A lot has already been told, written, and broadcasted on radio and television about the new President of India ever since she was put forward as a Presidential candidate by the government and its allied partners NDA.

But here I am going to write about her as a person, as I found her during my meetings with her on my regular annual visits to India when she was the Governor of the state of Jharkhand. I also met her during her visits to Dumka, the sub-capital of the state.

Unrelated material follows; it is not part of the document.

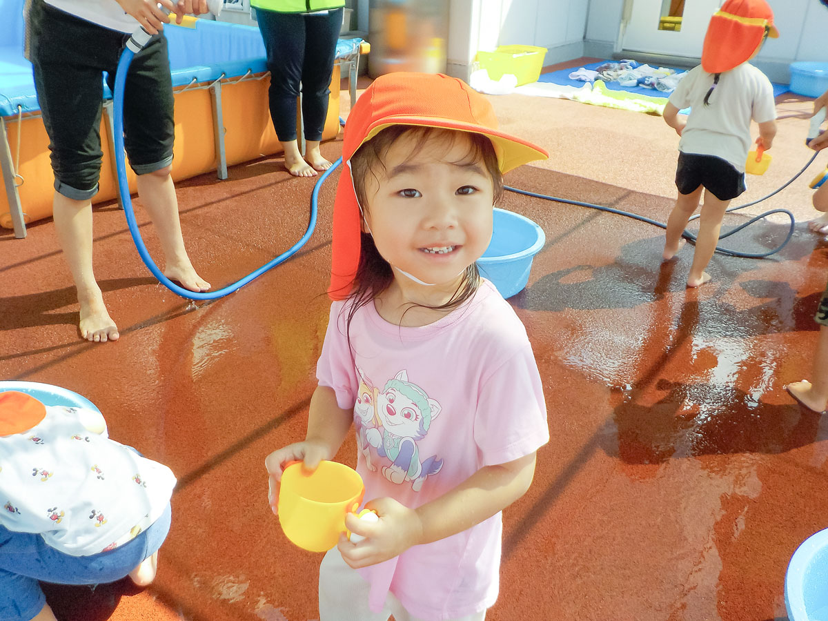 保育者が「今日は水遊びできるよ!」と、声をかけると目をキラキラ輝かせて「やったー!!」と大喜びするくらい、水遊びが大好きな りす組さん✨
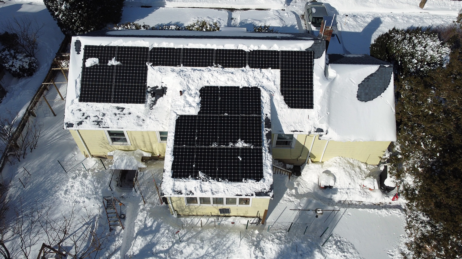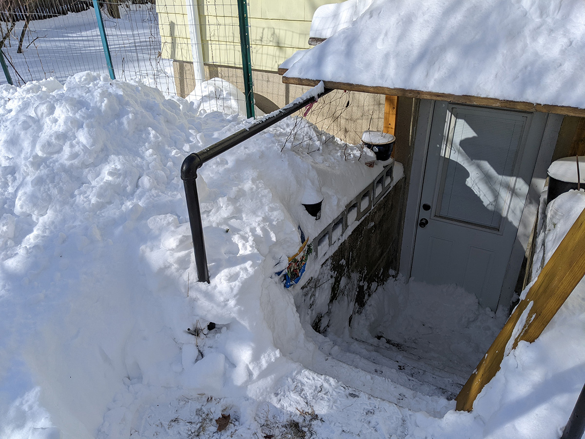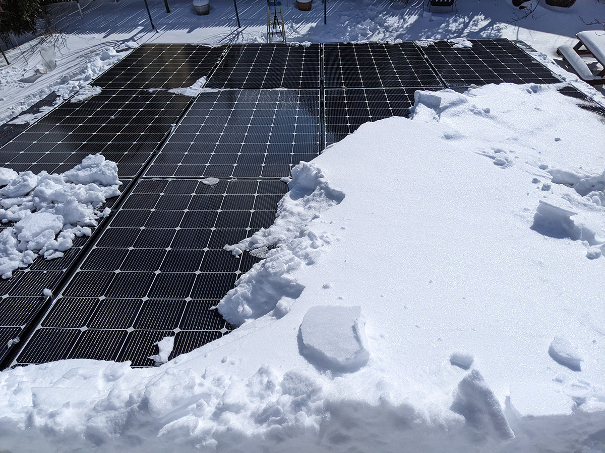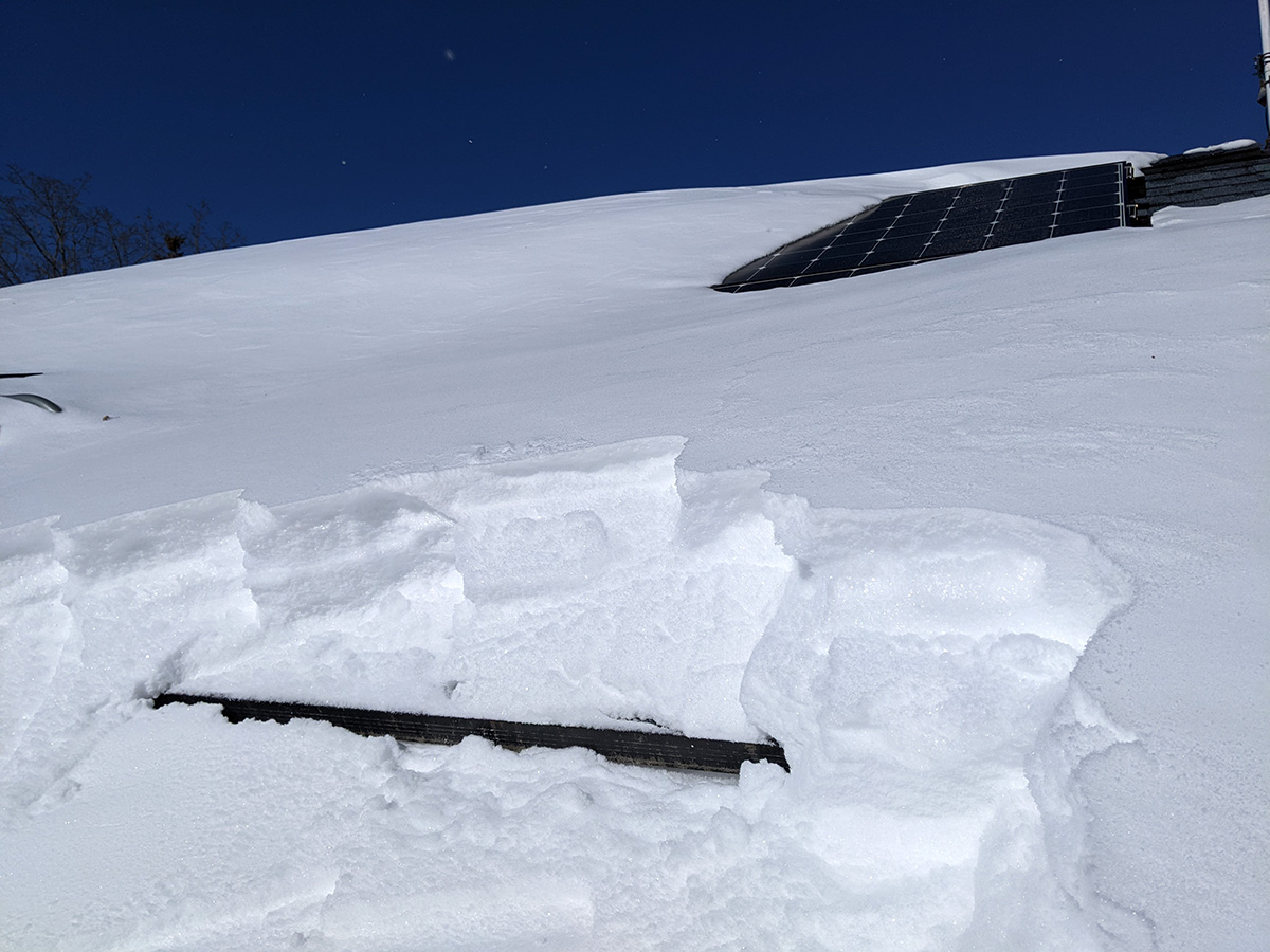 2 hours later we were finally done clearing the snow from the solar panels. but i stayed out for another half hour, digging out the roof snow that'd dumped into the basement stairwell; if we don't clear that area, the snow could melt and get into the basement. once that was all done, i finally sent the drone into the air on last time for a final inspection. there were still clumps of snow on the panels,

My first meeting with Her Excellency was at RAJ BHAWAN, Ranchi when she was the Governor of the state of Jharkhand. After greeting her with folded hands and saying ADI MANOT JOHAR in my mother tongue Santhali, she asked me to sit down.

I then started to introduce myself to Her Excellency, saying that I was born during the British Raj in a village called BOARIJOR in the subdivision of Godda in the greater Santhal Pargana district in the then united Bihar. Now it falls under the Godda district in the state of Jharkhand. I studied at different village schools before reaching the premier school of the district at that time called Dumka Zila school in the 10th class, where my eyes and mind opened up and I decided to become a doctor.

I went on to tell her that, there was not a single college in the whole of the greater district of Santhal Pargana at that time. I decided to go to the best available in the state which was in the capital city of Patna. I joined the Science College and then studied medicine at the then Prince of Wales Medical College. While doing my medicine course I competed and won a Govt. of India scholarship to learn flying and I qualified as a pilot before becoming a doctor. I was always looking out for opportunities and seizing them. While working as a Civil assistant surgeon at Jamtara, a subdivisional town of Bihar I came to know that there was a scholarship for Adivasi doctors for higher training in the UK and managed to secure this and went to the United Kingdom in 1965 and have been here since. But I never forgot India and its people and in particular tribal people of (then Bihar and now) Jharkhand and kept on coming back to do some social, cultural, educational, medical & charity work amongst our adivasi communities.

I also told her how I have traveled widely in tribal areas of India, Nepal, and Bangladesh. I also informed her about my visit to the Mayurbhanj district of Odisha and spending a night in a hotel in Rairangpur which is very close to her home.

This brief interaction helped me to have access to her each time I visited India and I made sure that I called on her.

My impression of her is very positive. We always talked about educating our people so that our eyes and mind open up and we are able to resist exploitation by others. As a Chancellor of the universities of Jharkhand, she visited them regularly and implored them to make education accessible to all.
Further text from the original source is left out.